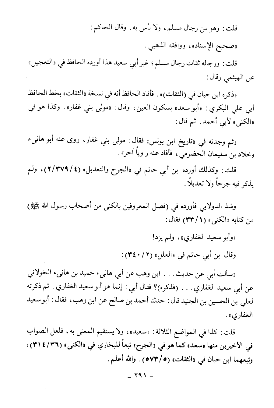 " وأبو سعيد الغفاري ". ولم يزد! وقال ابن أبي حاتم في " العلل " (2 /
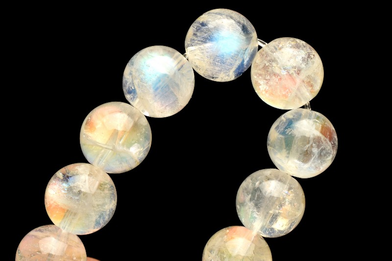 今回入荷分は非常に高品質でムーンストーン自体の透明感が高く、様々なカラーのレインボーシラーを一層ご堪能いただけます。
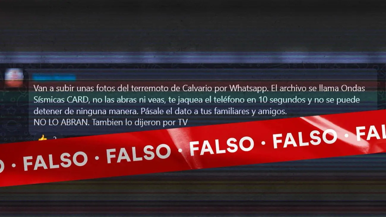 “Van a subir unas fotos del terremoto de Calvario por Whatsapp. El archivo se llama Ondas Sísmicas CARD, no las abras ni veas, te jaquea el teléfono en 10 segundos y no se puede detener de ninguna manera. Pásale el dato a tus familiares y amigos. NO LO ABRAN. Tambien lo dijeron por TV (sic.)”.
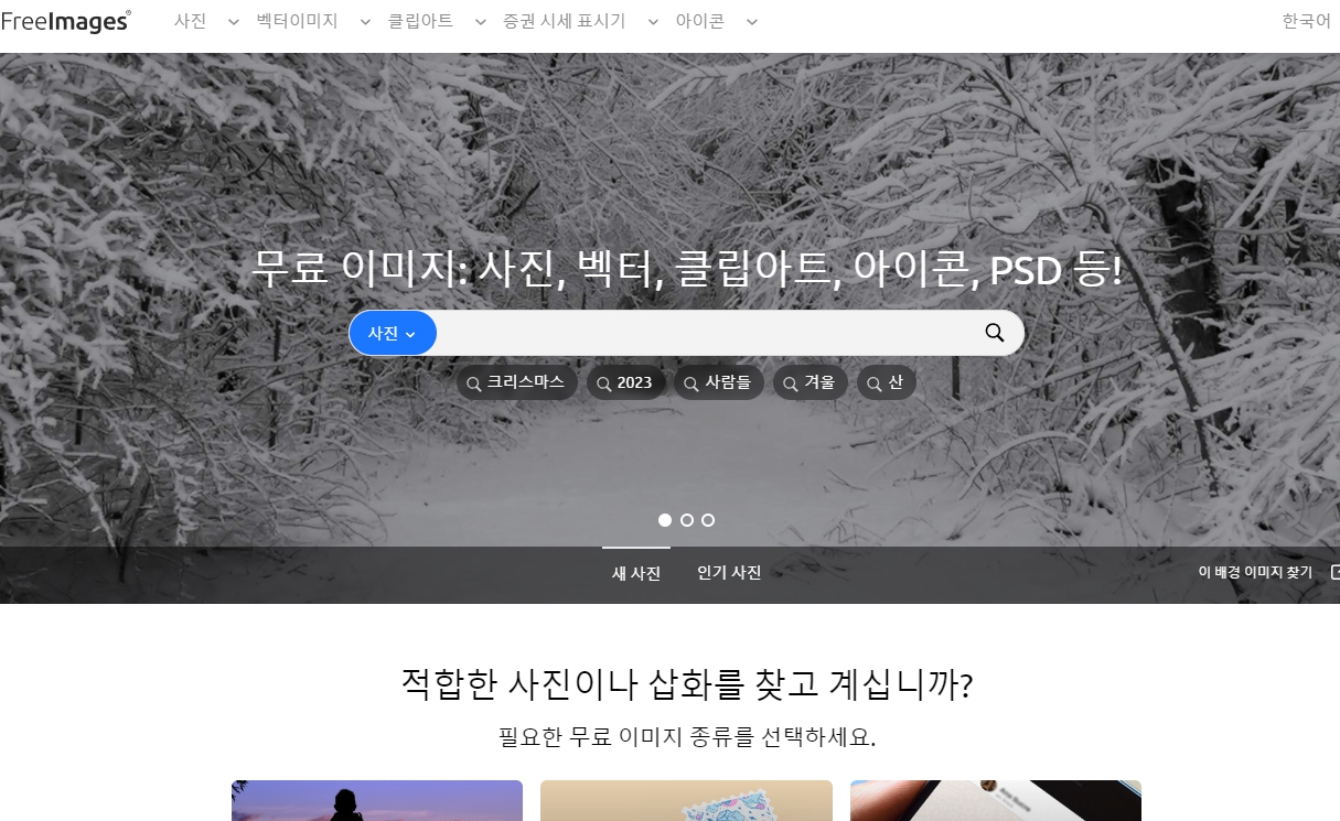 사실 픽사베이보다 더 유명하진 않지만 체감상 더 자주 사용하는 사이트입니다.
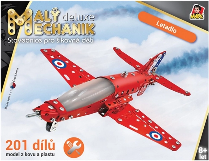 Byggesættet Lille mekaniker fly er et fantastisk legetøj til kreative børn, som gør det muligt at bygge modeller af 201 dele, der forbinder metal- og plastdele med skruer og møtrikker.
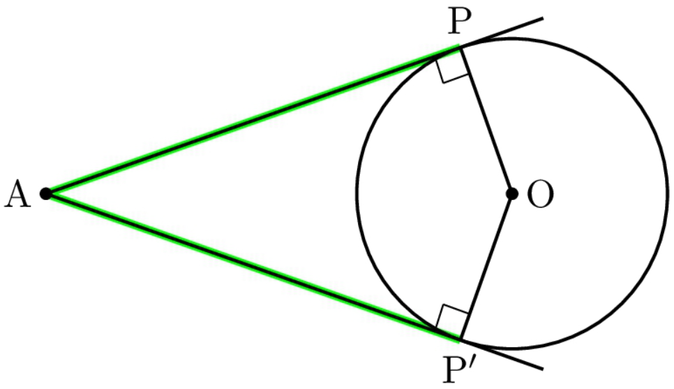 - 例: 点 A から円に引いた接線の接点をそれぞれ P、P’ とするとき、AP = AP’ が成り立ちます。
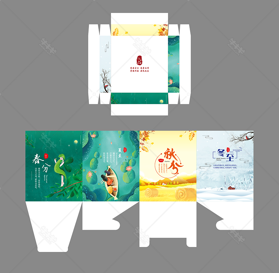 ai 礼盒 农业 金黄色 橙色 收割 手提 纸盒 包装 设计 模板 源文件 下载 健康 养生 创意 插画 一年 四季
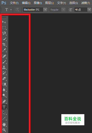 如下图,左侧的是工具栏,有移动工具、选框、裁剪工具、橡皮擦、画笔、仿制印章、渐变工具、放大镜、钢笔工具、文字工具等等(具体的功能之后详细介绍)
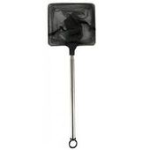 Teleskopowa siatka akwariowa o prostokątnym podbieraku. Siatka posiada drobne oczka, które przy wyławianiu nie stanowią dużego oporu dla wody.
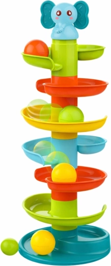 Sette piani colorati creano una spirale fluida. La lunga discesa delle biglie diverte i bambini e insegna i principi di causa ed effetto.
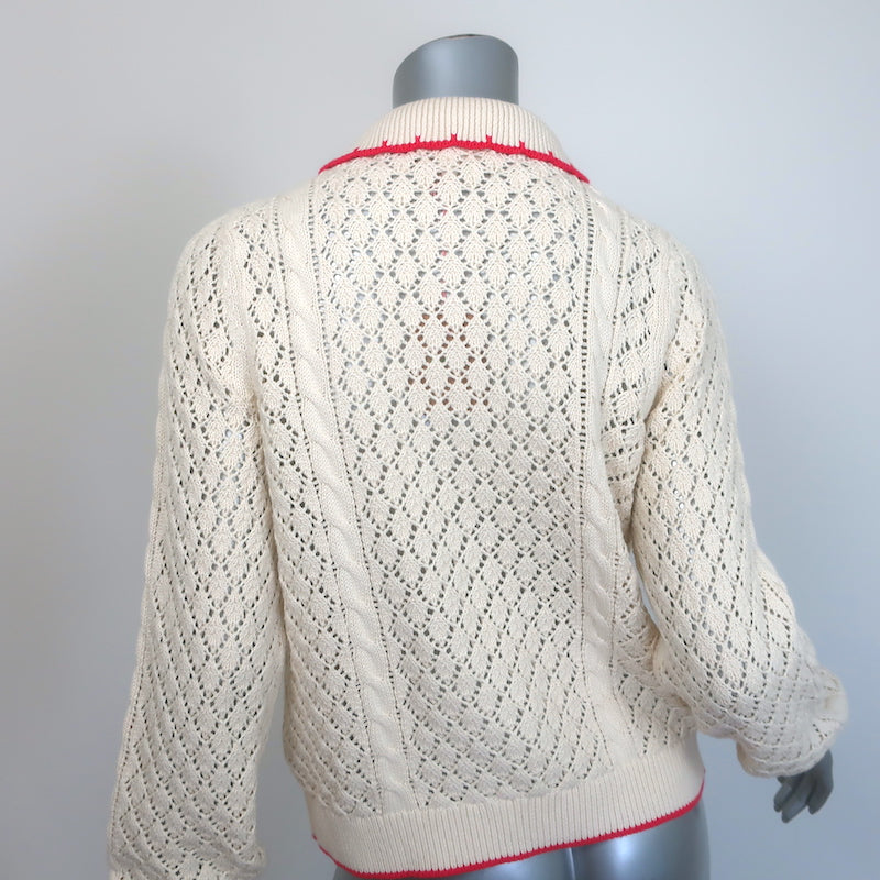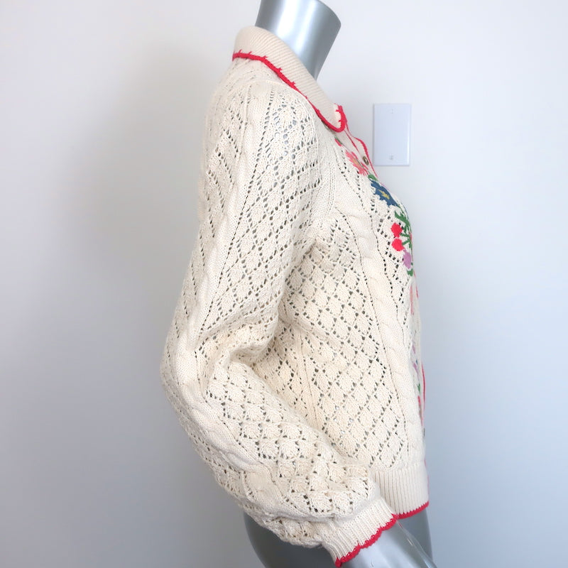 Boden Floral-Embroidered Pointelle Knit Cardigan Cream Cotton Size Small NEW
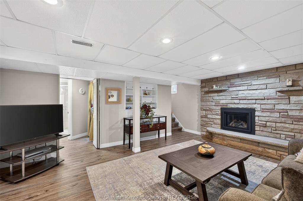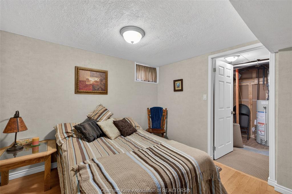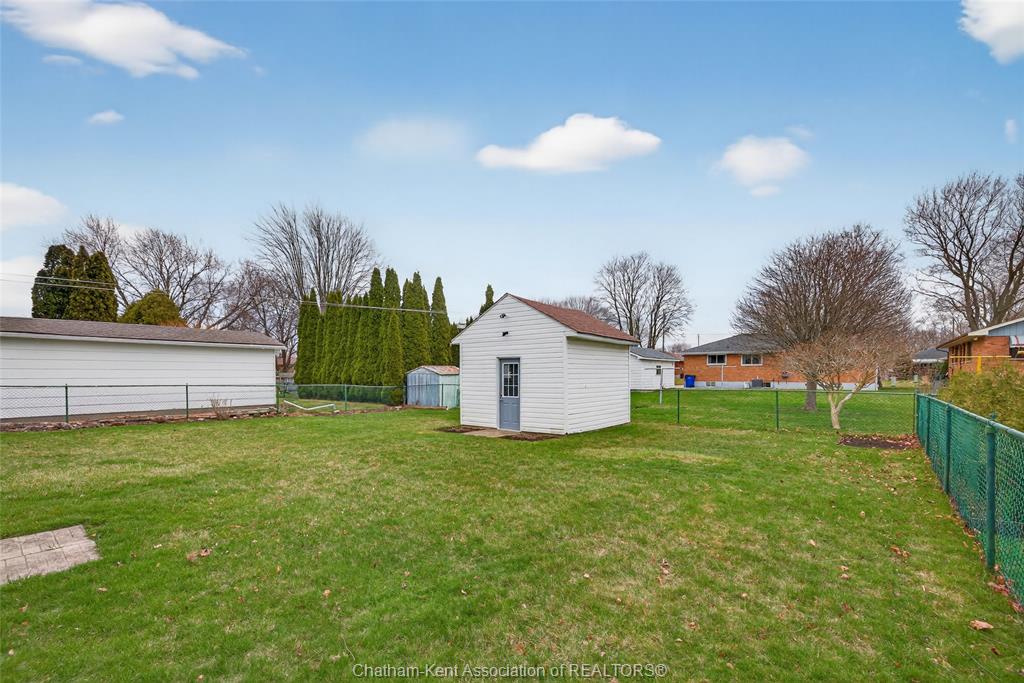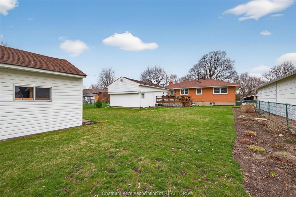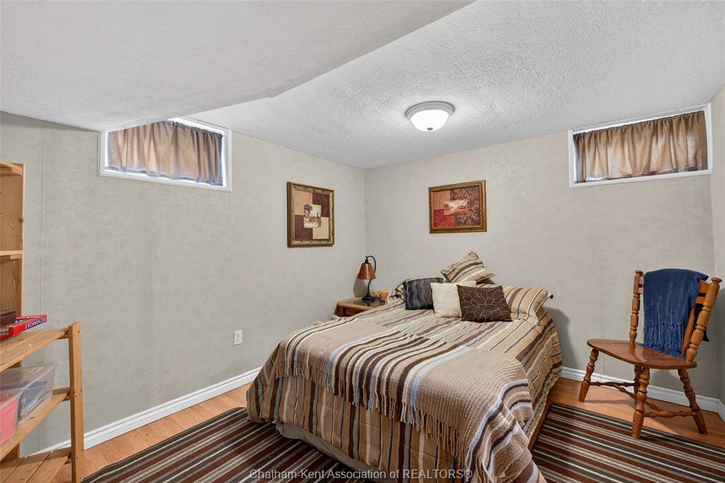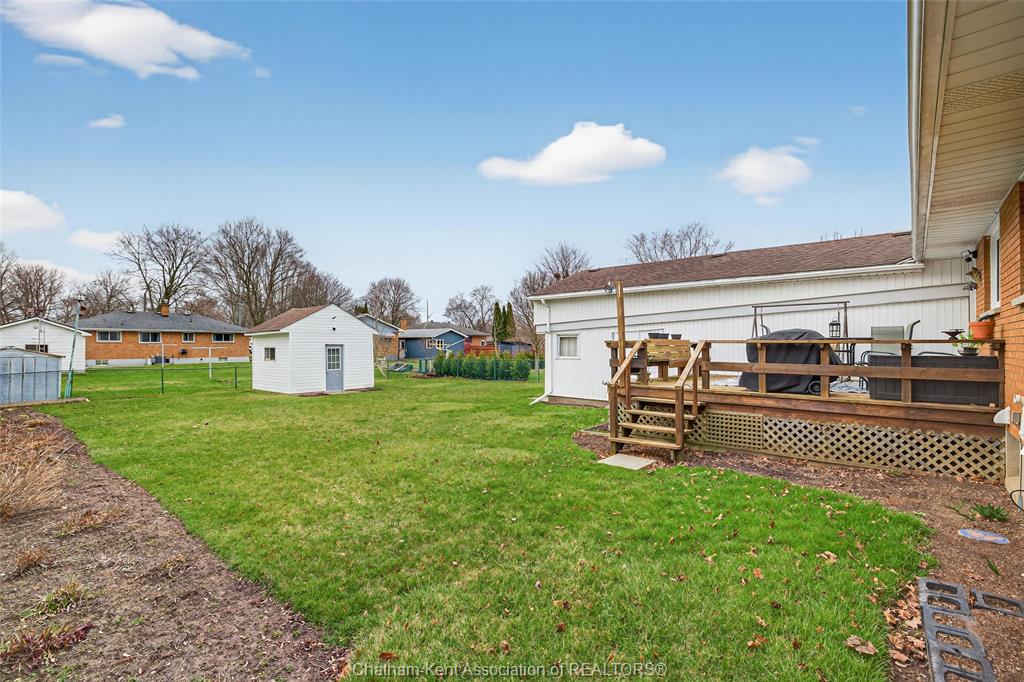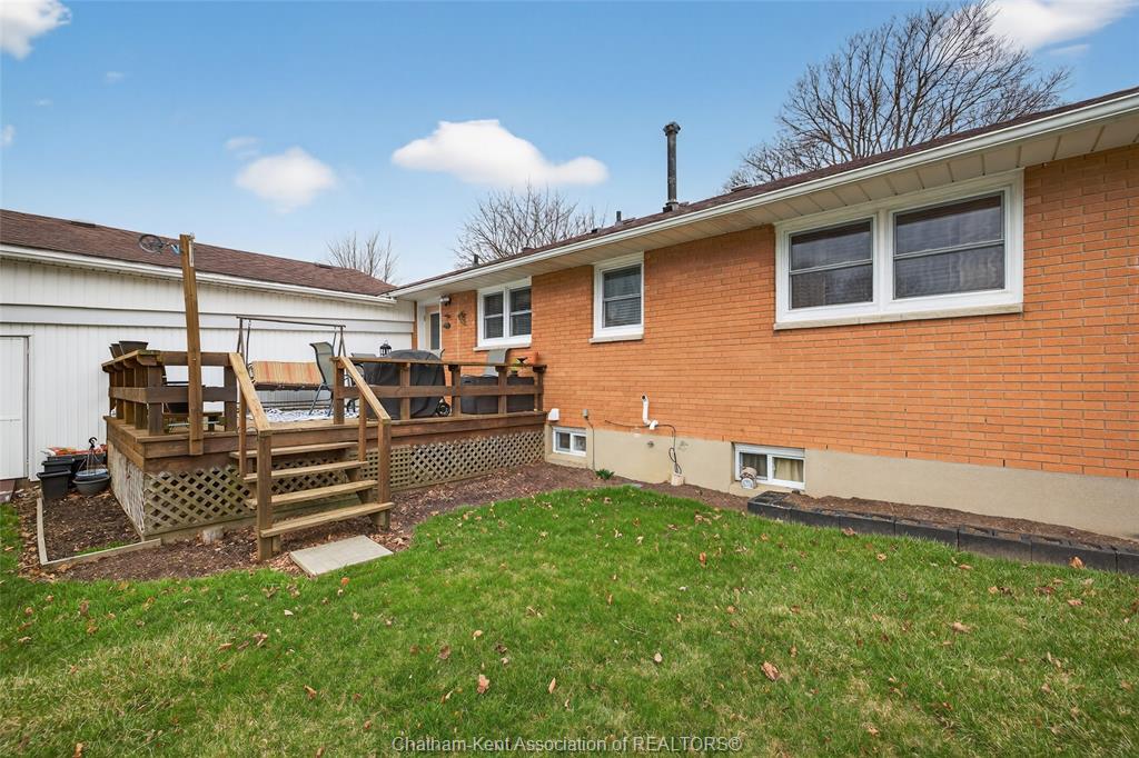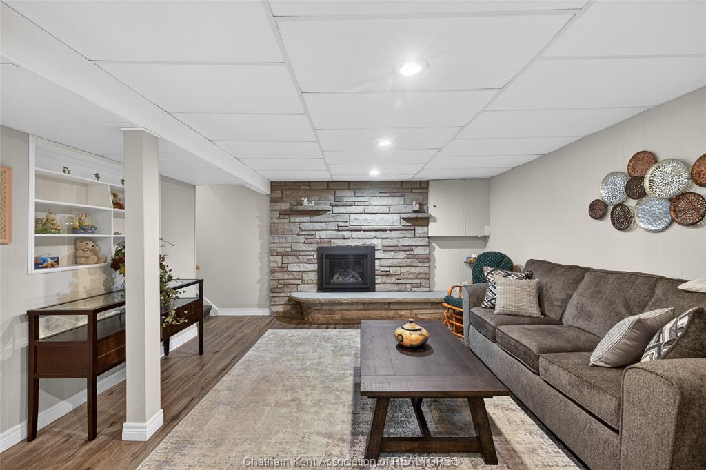 Pride of ownership shows throughout this solid brick bungalow in one of chatham's most established neighbourhoods — 2 main floor bedrooms, hardwood floors, bright living and dining area, and an updated kitchen with painted cabinetry, centre island, pendant lighting, and mudroom entry with patio doors leading to a rear deck overlooking a beautifully maintained backyard. The main floor 4-piece bath is complemented by a fully finished lower level that genuinely impresses — large rec room with stacked-stone gas fireplace, second living area, 2 additional bedrooms, and a 3-piece bath with glass shower. Four bedrooms total with a layout that suits growing families, multi-generational living, or anyone needing extra space. The oversized attached garage offers serious storage and workspace potential, a separate storage shed adds even more utility, and the wide concrete driveway ties together an outdoor package that's as functional as it is attractive.
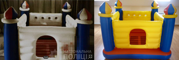 Судя по всему, на фото из поддельного скриншота запечатлён надувной манеж-батут от фирмы Intex. Однако в Сети нам не удалось найти батут в бело-сине-красной расцветке, поскольку на оригинальном продукте вместо белого цвета жёлтый. Также существует мини-версия этого батута, но цвета на нём отличаются ещё больше.
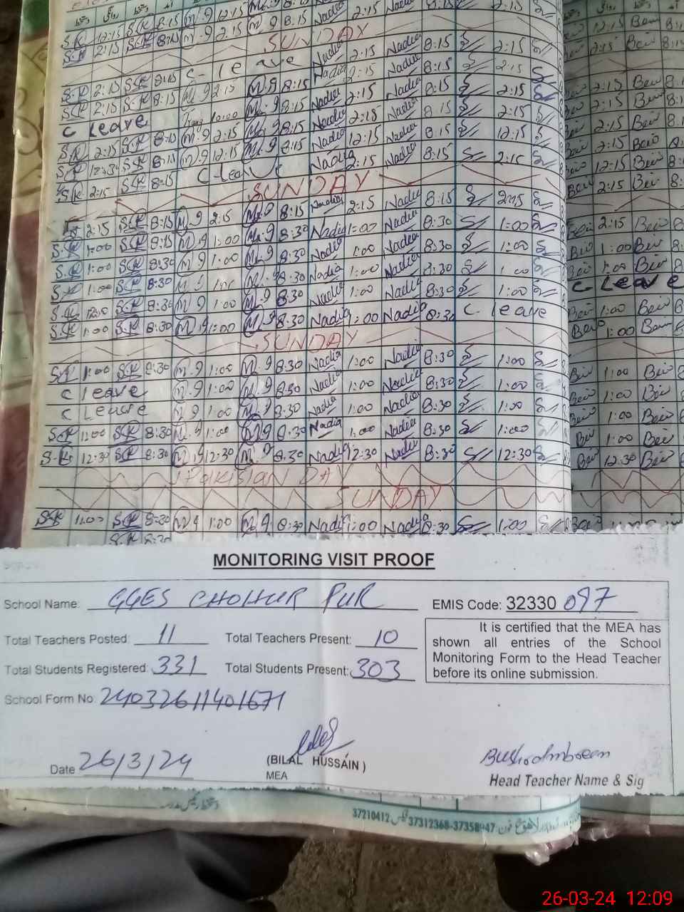 | Attendance Register | Head Teacher | MEA with School | Visit Proof |
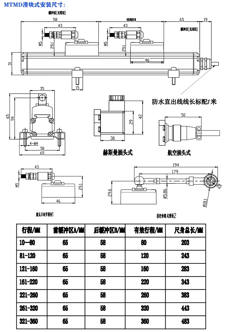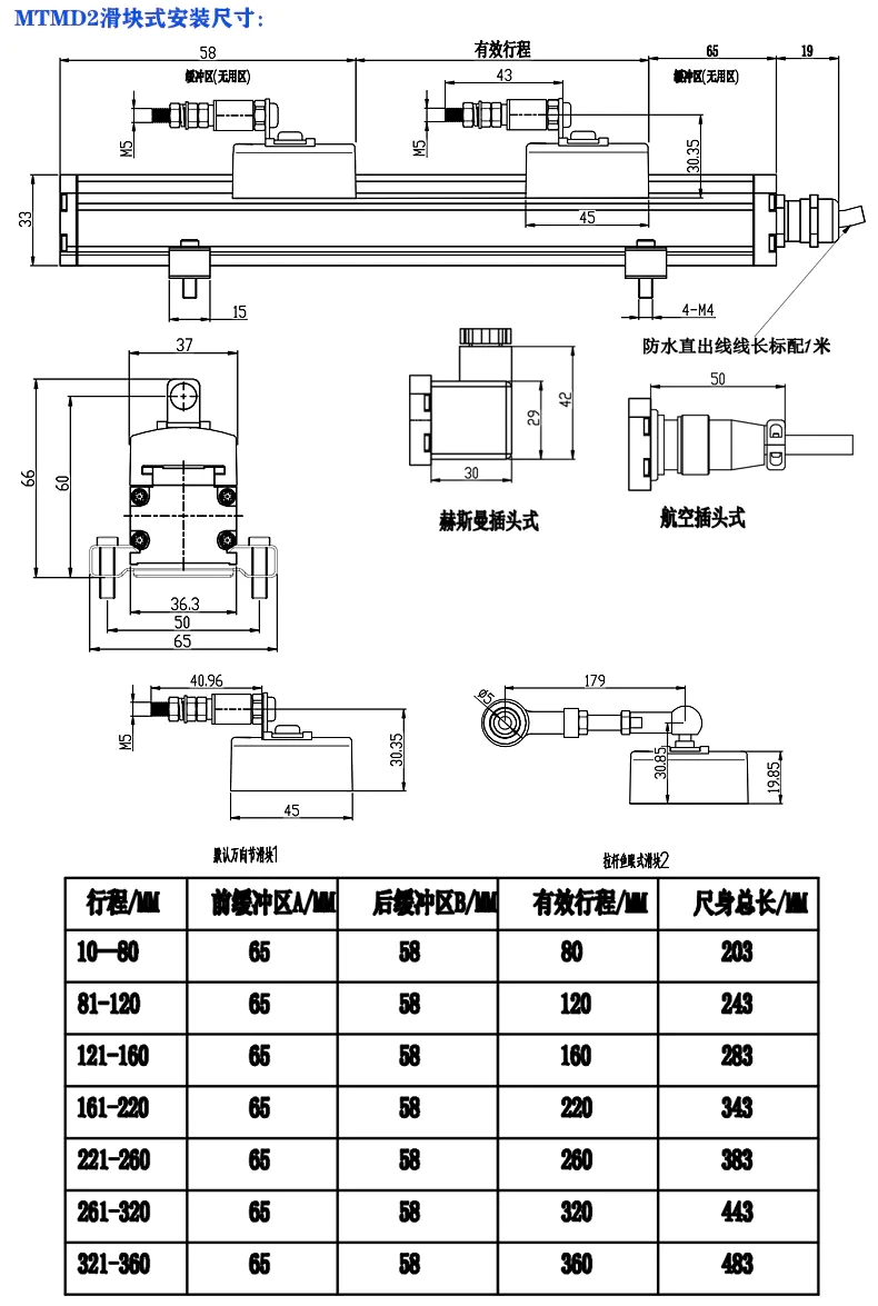 MTMD/MTMD2滑塊式位移傳感器安裝尺寸:

◆ To do
Restate, word for word and without pictures, the lines from the line containing "Pride of ownership" to the last line of the records above.

◆ Your solution
 Pride of ownership shows throughout this solid brick bungalow in one of chatham's most established neighbourhoods — 2 main floor bedrooms, hardwood floors, bright living and dining area, and an updated kitchen with painted cabinetry, centre island, pendant lighting, and mudroom entry with patio doors leading to a rear deck overlooking a beautifully maintained backyard. The main floor 4-piece bath is complemented by a fully finished lower level that genuinely impresses — large rec room with stacked-stone gas fireplace, second living area, 2 additional bedrooms, and a 3-piece bath with glass shower. Four bedrooms total with a layout that suits growing families, multi-generational living, or anyone needing extra space. The oversized attached garage offers serious storage and workspace potential, a separate storage shed adds even more utility, and the wide concrete driveway ties together an outdoor package that's as functional as it is attractive.
 Судя по всему, на фото из поддельного скриншота запечатлён надувной манеж-батут от фирмы Intex. Однако в Сети нам не удалось найти батут в бело-сине-красной расцветке, поскольку на оригинальном продукте вместо белого цвета жёлтый. Также существует мини-версия этого батута, но цвета на нём отличаются ещё больше.
 | Attendance Register | Head Teacher | MEA with School | Visit Proof |
 MTMD/MTMD2滑塊式位移傳感器安裝尺寸:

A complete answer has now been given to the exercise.